### WHAT YOU WILL DO:
Excluding pictures, reproduce word for word the lines from the one containing "- Masiar Babazadeh, Andrea" through the end of the material below.

### INPUT DATA:
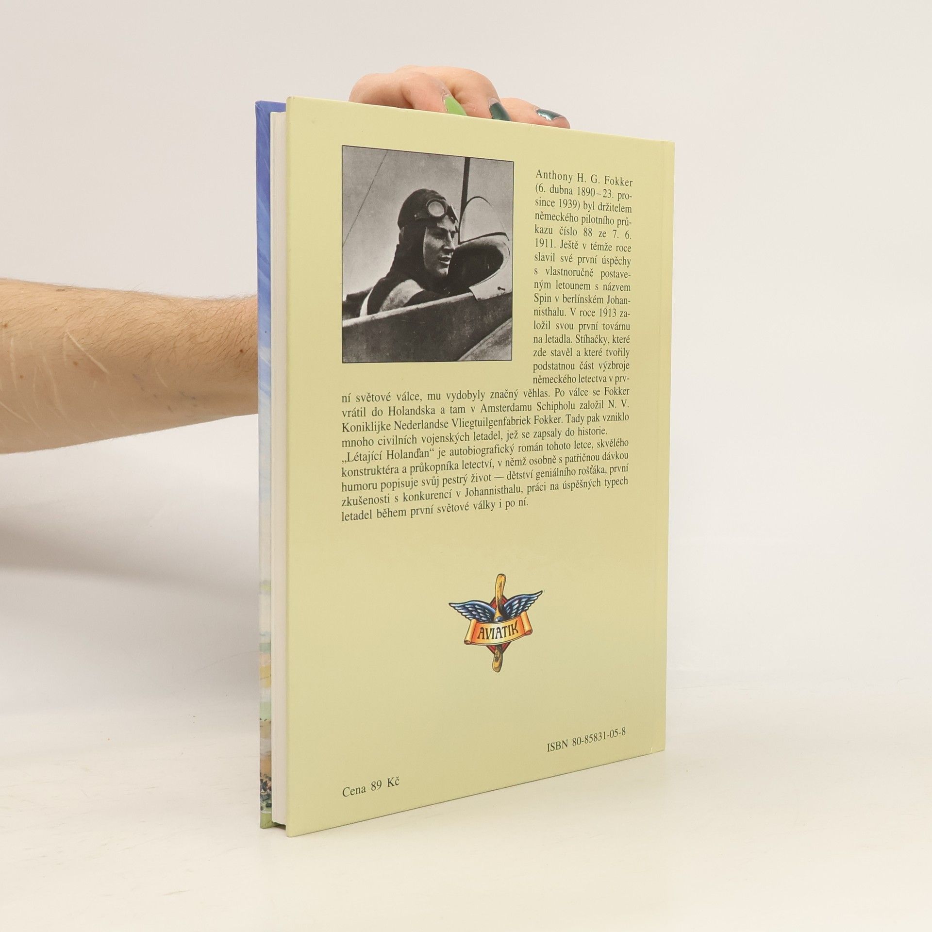 Anthony H. G. Fokker (6. dubna 1890 – 23. prosince 1939) byl držitelem německého pilotního průkazu číslo 88 ze 7. 6. 1911. Ještě v témže roce slavil své první úspěchy s vlastnoručně postaveným letounem s názvem Spin v berlínském Johannisthalu. V roce 1913 založil svou první továrnu na letadla. Stíhačky, které zde stavěl a které tvořily podstatnou část výzbroje německého letectva v první světové válce, mu vydobyly značný věhlas. Po válce s Fokker vrátil do Holandska a tam v Amsterdamu Schipholu založil N. V. Koniklijke Nederlandse Vliegtuilgenfabrick Fokker. Tady pak vzniklo mnoho civilních vojenských letadel, jež se zapsali do historie. „Létající Holanďan“ je autobiografický román tohoto letce, skvělého konstruktéra a průkopníka letectví, v němž osobně s patřičnou dávkou humoru popisuje svůj pestrý život – dětství geniálního rošťáka, první zkušenosti s konkurencí v Johannisthalu, práci na úspěšných typech letadel během první světové války i po ní.
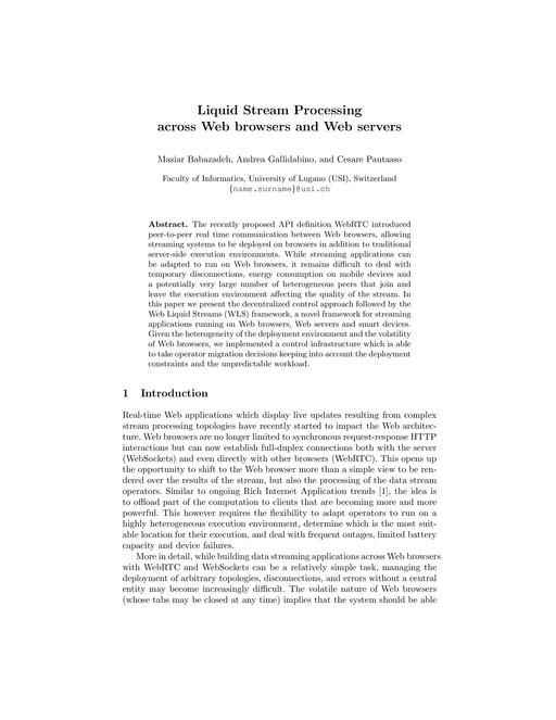 - Masiar Babazadeh, Andrea Gallidabino, Cesare Pautasso, Liquid Stream Processing across Web browsers and Web servers, Proc. of the 15th International Conference on Web Engineering (ICWE 2015), Rotterdam, NL, June 2015, pp. 24-33
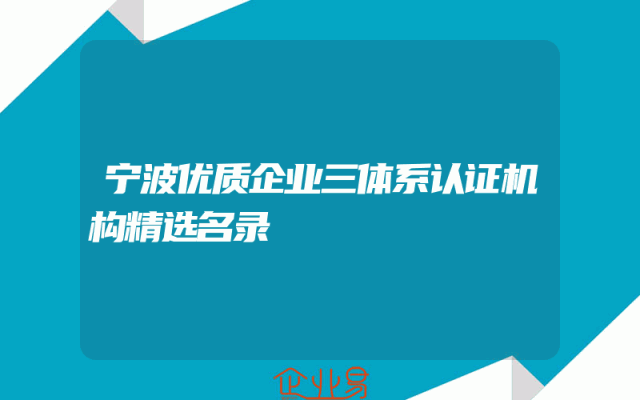 - 宁波优质企业三体系认证机构精选名录

### SOLUTION TO THIS EXERCISE:
 - Masiar Babazadeh, Andrea Gallidabino, Cesare Pautasso, Liquid Stream Processing across Web browsers and Web servers, Proc. of the 15th International Conference on Web Engineering (ICWE 2015), Rotterdam, NL, June 2015, pp. 24-33
 - 宁波优质企业三体系认证机构精选名录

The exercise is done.